[[ Supplied data, beginning ]]

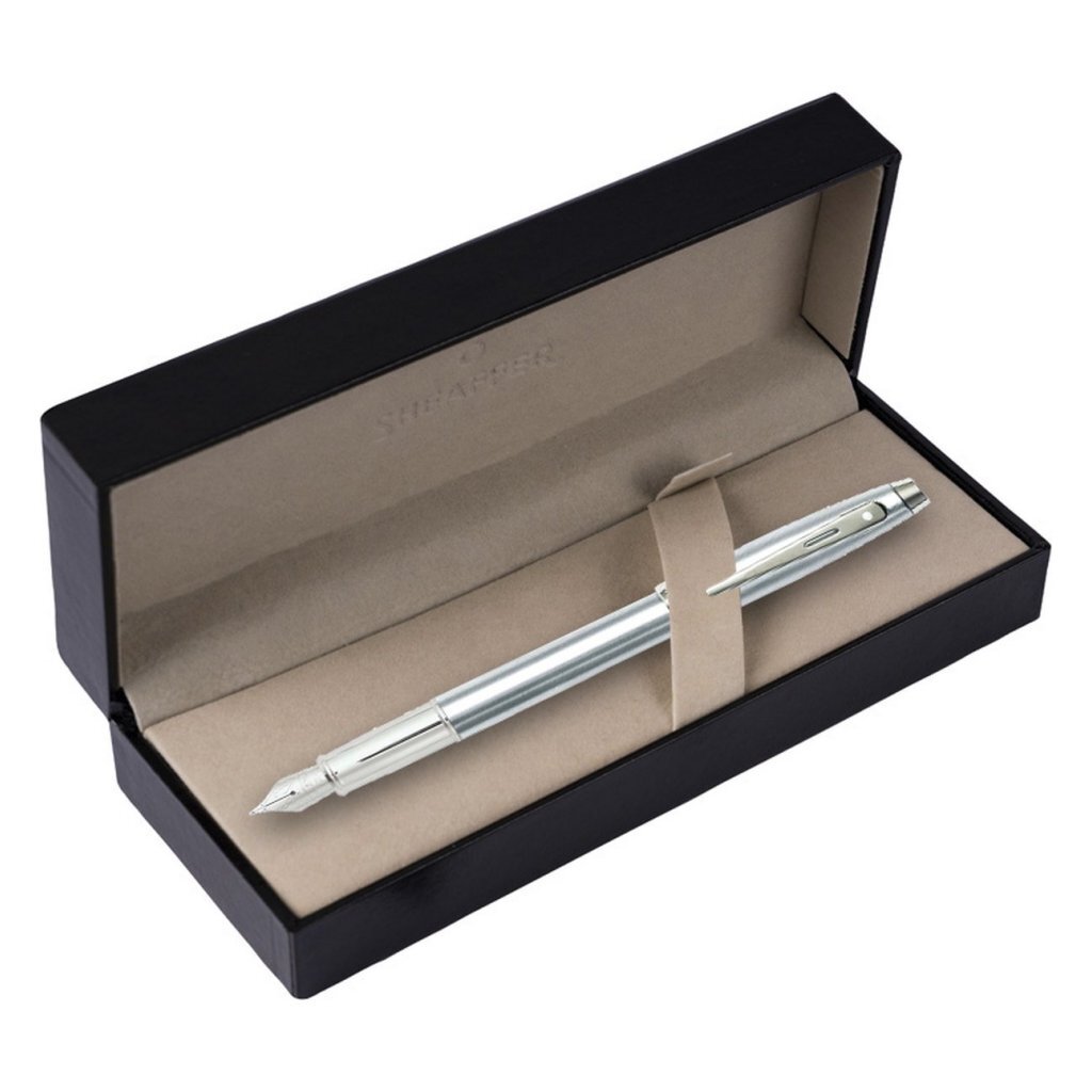 DeSheaffer SF-E0930653 vulpen 100 in geborsteld chroom met chroom gepolijste afwerking is voorzien van een medium penpunt M van roestvrij staal dat een nauwkeurig en betrouwbaar schrijfcomfort garandeert. Inclusief een Sheaffer converter die zelf gevuld kan worden. De populaire Sheaffer vulpen 100 met zijn moderne ontwerp en de subtiel uitgesneden clip, is een betaalbare manier om de schrijfervaring naar een hoger niveau te tillen en tegelijkertijd indruk te maken. De wereldwijd erkende witte Sheaffer stip, die symbool staat voor schrijfexcellentie, kwaliteit en prestige, is terug te vinden op de clip. De Sheaffer 100 pennen zijn beschikbaar als vulpen, rollerball en balpen in een breed scala van eigentijdse kleuren en worden geleverd in mooie geschenkdoos.
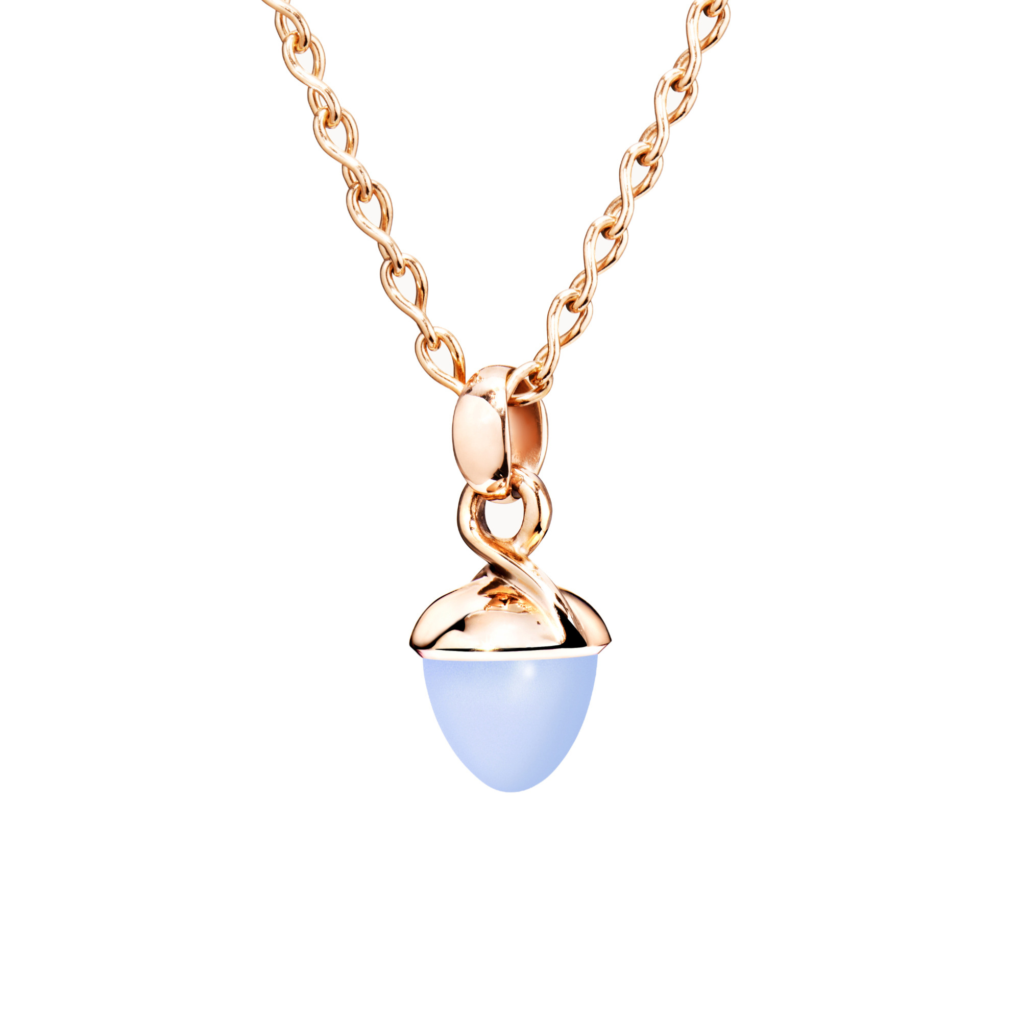 Ref. P-MB-ChBl-rg - Der ikonische MIKADO BOUQUET Anhänger zeigt einen wunderschönen kostbaren blauen Chalcedon in unserer geliebten Kegelform. Dieser mittelgroße Anhänger ist in 18K Gold gefasst und in vielen weiteren schönen Edelsteinkombinationen erhältlich, was zum Sammeln verlockt. Tragen Sie ihn an einer unserer Qualitätsketten oder Lederbändern.
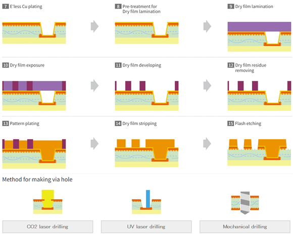 Modified Semi-Additive Process for ultra-fine line circuits with superior precision.
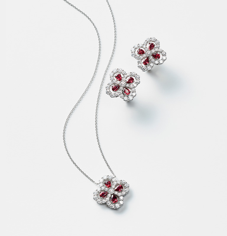 ダイヤモンドの燦光に真紅のルビー。身につける人の心に寄り添うコレクション。ペンダント:ルビー4個計約0.94ct、ダイヤモンド29個計約1.33ct、イヤリング:ルビー8個計約1.58ct、ダイヤモンド58個計約2.67ct。すべてブランドの厳格な基準をクリア。全国ハリー・ウィンストン直営サロンで発売中。

[[ Supplied data, end ]]

◆ Task item ◆
Could the material above be given again exactly, pictures excluded?

◆ Your solution ◆
 DeSheaffer SF-E0930653 vulpen 100 in geborsteld chroom met chroom gepolijste afwerking is voorzien van een medium penpunt M van roestvrij staal dat een nauwkeurig en betrouwbaar schrijfcomfort garandeert. Inclusief een Sheaffer converter die zelf gevuld kan worden. De populaire Sheaffer vulpen 100 met zijn moderne ontwerp en de subtiel uitgesneden clip, is een betaalbare manier om de schrijfervaring naar een hoger niveau te tillen en tegelijkertijd indruk te maken. De wereldwijd erkende witte Sheaffer stip, die symbool staat voor schrijfexcellentie, kwaliteit en prestige, is terug te vinden op de clip. De Sheaffer 100 pennen zijn beschikbaar als vulpen, rollerball en balpen in een breed scala van eigentijdse kleuren en worden geleverd in mooie geschenkdoos.
 Ref. P-MB-ChBl-rg - Der ikonische MIKADO BOUQUET Anhänger zeigt einen wunderschönen kostbaren blauen Chalcedon in unserer geliebten Kegelform. Dieser mittelgroße Anhänger ist in 18K Gold gefasst und in vielen weiteren schönen Edelsteinkombinationen erhältlich, was zum Sammeln verlockt. Tragen Sie ihn an einer unserer Qualitätsketten oder Lederbändern.
 Modified Semi-Additive Process for ultra-fine line circuits with superior precision.
 ダイヤモンドの燦光に真紅のルビー。身につける人の心に寄り添うコレクション。ペンダント:ルビー4個計約0.94ct、ダイヤモンド29個計約1.33ct、イヤリング:ルビー8個計約1.58ct、ダイヤモンド58個計約2.67ct。すべてブランドの厳格な基準をクリア。全国ハリー・ウィンストン直営サロンで発売中。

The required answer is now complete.